Nie chcę, żeby ktoś kazał moim synom dorastać szybciej, niż jest to konieczne. Chcę, żeby zostali w swoim dziecięcym świecie tak długo, jak tylko to możliwe.
Nie chcę, żeby ktoś mówił im, że ich zachcianki są najważniejsze, ale żeby wiedzieli, że przy spełnianiu ich, nie mogą zapomnieć o dobru drugiego człowieka.
Nie chcę, żeby ktoś kalał serca moich dzieci tym, na co nie są gotowe. Chcę, żeby ich serca wzrastały w odwagę, miłość i piękno.
Nie chcę, żeby mówiono im, że nie muszą myśleć o sobie i innych.

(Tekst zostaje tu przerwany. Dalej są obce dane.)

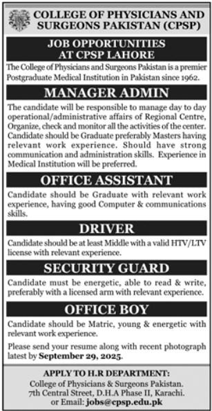 College of Physician and Surgeons Pakistan CPSP announced new jobs for the position of Manager Admin, Office Assistant, Driver, Security Guard, Office Boy. These jobs are related to Management category and Government jobs. The minimum qualification required for this job is Middle, Matric, Bachelor, Master.
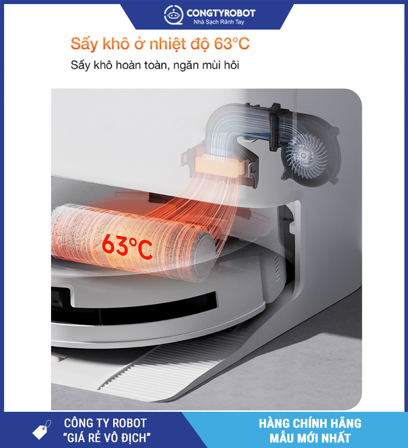 Con lăn lau nếu không được làm sạch/sấy khô đúng cách sẽ dễ hôi ẩm, bám cặn và ảnh hưởng chất lượng lau. T80S Omni hỗ trợ giặt nóng đến 75°C và sấy khô 63°C, giúp làm sạch con lăn kỹ hơn, giảm mùi và hạn chế vi khuẩn/nấm mốc trong điều kiện thời tiết ẩm.
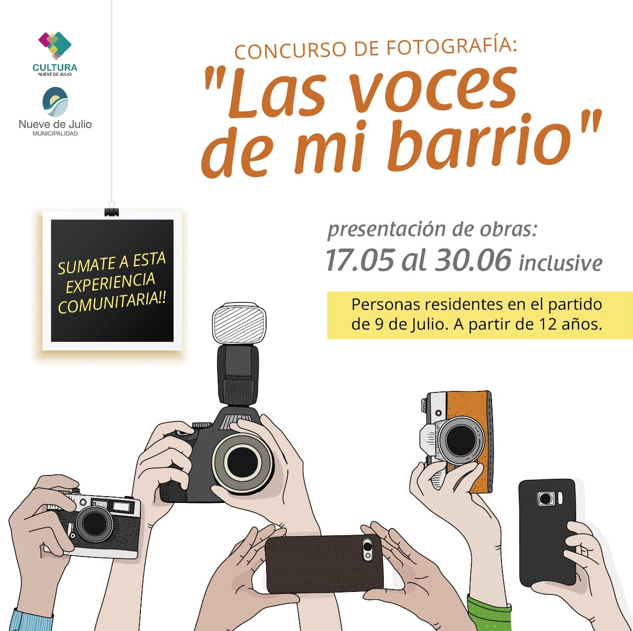 La Municipalidad de Nueve de Julio, a través de la Dirección de Cultura, invita a participar del concurso de fotografía «Las Voces de mi Barrio», una experiencia comunitaria que nos permitirá conocer, a través de la mirada de nuestros vecinos, diferentes aspectos de los barrios de la ciudad y su partido.
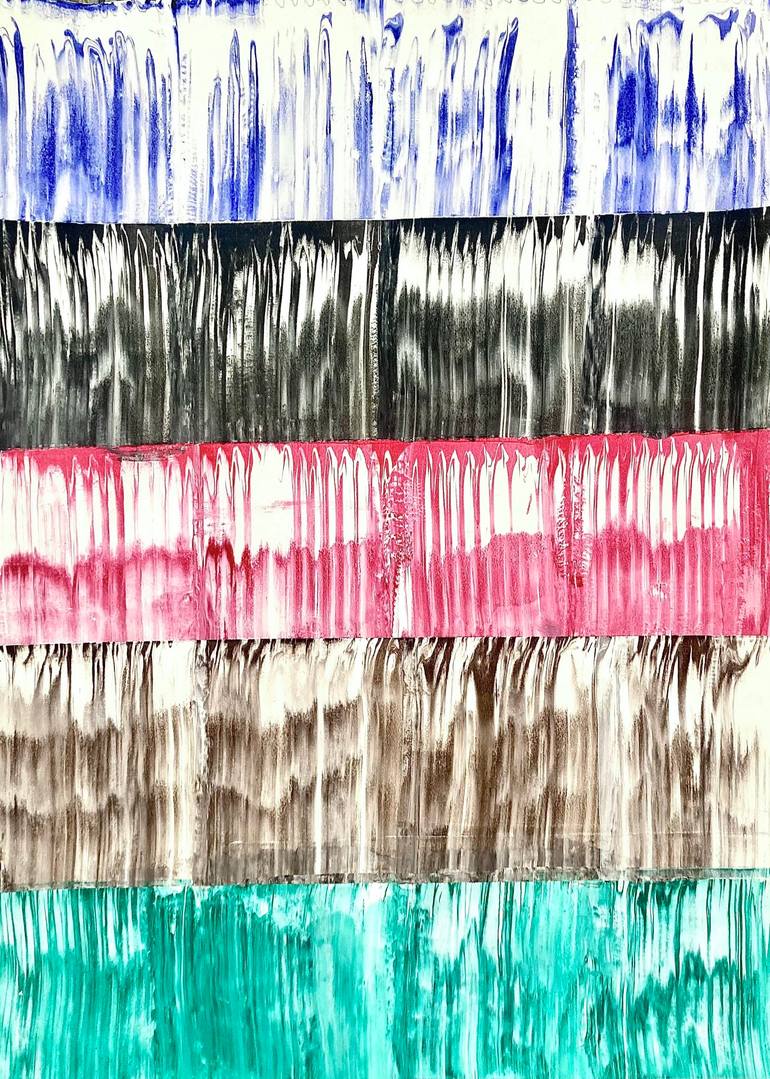 Acrylic paint on archival paper. Painting made with a unique technique to achieve desired results where two colours are combined for each row and painted in fashion to achieve melting/fluid patterns. Painting shipped rolled safely in a tube with Certificate of authenticity.
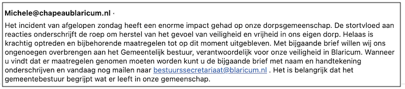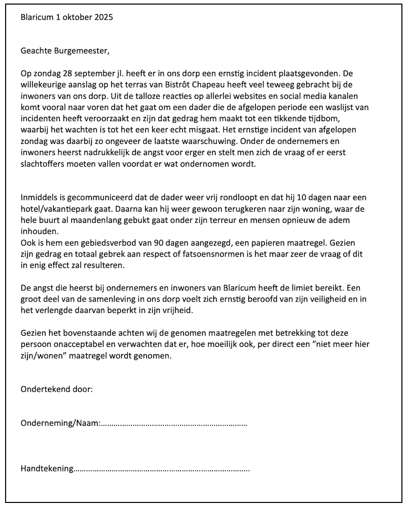 Brief Oog op Blaricum aangeleverd 2 oktober 2025 Oog publiceert deze oproep plus brief omdat ze bijdragen aan een noodzakelijk openbaar gesprek. Delen kan hier: Klik om te delen op Facebook (Opent in een nieuw venster) Facebook Klik om te delen op X (Opent in een nieuw venster) X Klik om dit te e-mailen naar een vriend (Opent in een nieuw venster) E-mail Klik om af te drukken (Opent in een nieuw venster) Print Klik om te delen op WhatsApp (Opent in een nieuw venster) WhatsApp Meer Klik om te delen op Threads (Opent in een nieuw venster) Threads Vind-ik-leuk Aan het laden... Gerelateerd Gepubliceerd door Oog op Blaricum Bekijk alle berichten van Oog op Blaricum Gepubliceerd 2 oktober 2025
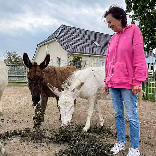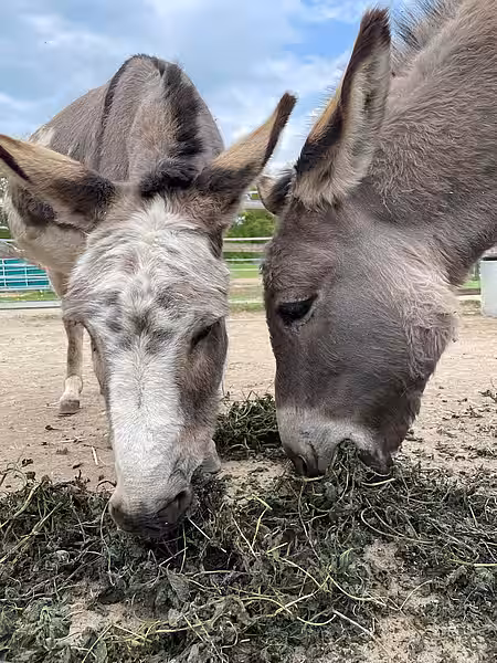 Wir freuen uns immer, wenn unsere lieben Tierpaten ihre Patenkinder besuchen kommen. Heute brachte die Patin unserer Eselin Mariechen für all unsere Langohren getrocknete Brennnesseln mit. Unsere 7 Zuckerschnuten stürzten sich sogleich darauf und sagen Dankeschön!
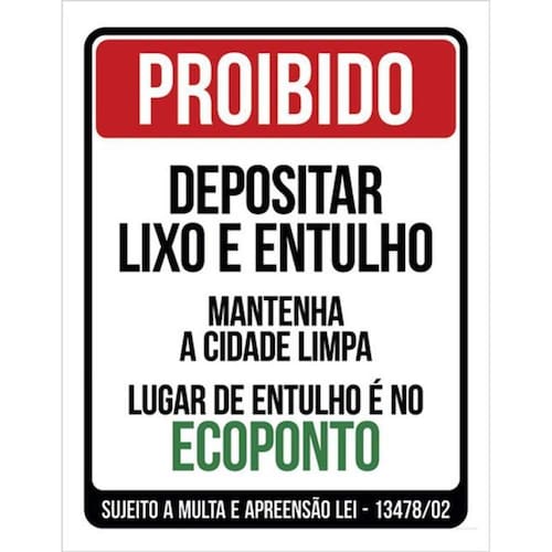 Kit 3 Placa Proibido Depositar Lixo E Entulho Ecoponto 36X46
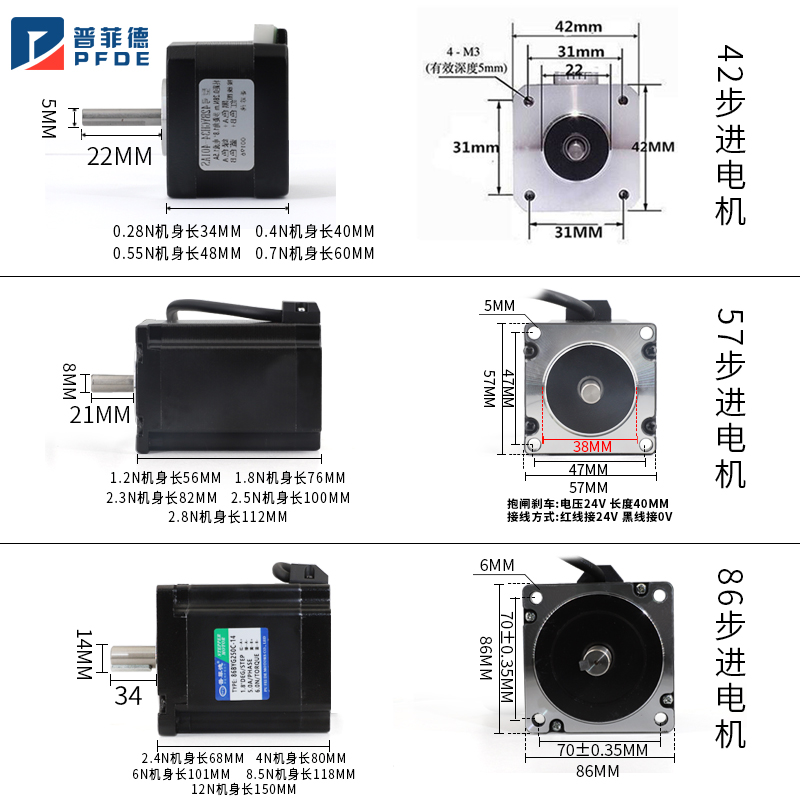 PFID 42 57 86 Stepper Motor Set Two-Phase Four-Wire 1 2 1 8 2 5 8 5N Factory Direct Sales

Chcę, żeby pamiętali, że zawsze potrzebny jest szacunek, wobec siebie i innych.
Nie chcę, żeby dowiadywali się tego, z czym nie będą mogli sobie poradzić. Chcę, żeby byli gotowi na informacje, jakie ma dla nich dorosły świat.
Nie chcę, żeby ktoś mówił im, że to jakimi zostaliśmy stworzeni, jest nieważne. Chcę, żeby wiedzieli, że mężczyzna jest najsilniejszy wtedy, kiedy potrafi nad sobą zapanować, a kobieta najpiękniejsza, gdy kocha i jest kochana.
Nie chcę, żeby ktoś mówił moim symom, że ta różnica jest nieważna. Chcę, żeby wiedzieli, że dzięki niej możemy wspaniale się ubogacać.
Nie chcę, żeby ktoś mówił moim synom, że najważniejszy jest egoizm. Chcę, żeby najpierw kochali.
Nie chcę, żeby mówiono im, że jeśli ktoś jest inny, to nic nie znaczy. Chcę, żeby wiedzieli, że ma to duże znaczenie i że można kochać i przyjmować to, jakimi ludzie są, w swojej odmienności.
Nie chcę zeby ktoś mówił im rzeczy, na które nie są gotowi. Chcę, żeby mieli niezaburzone emocje i uczucia, kiedy dorosną i pójdą swoją drogą.
Chcę, żeby byli bezpieczni w swojej wolności.
Żeby umieli dostrzegać Prawdę i według niej żyć.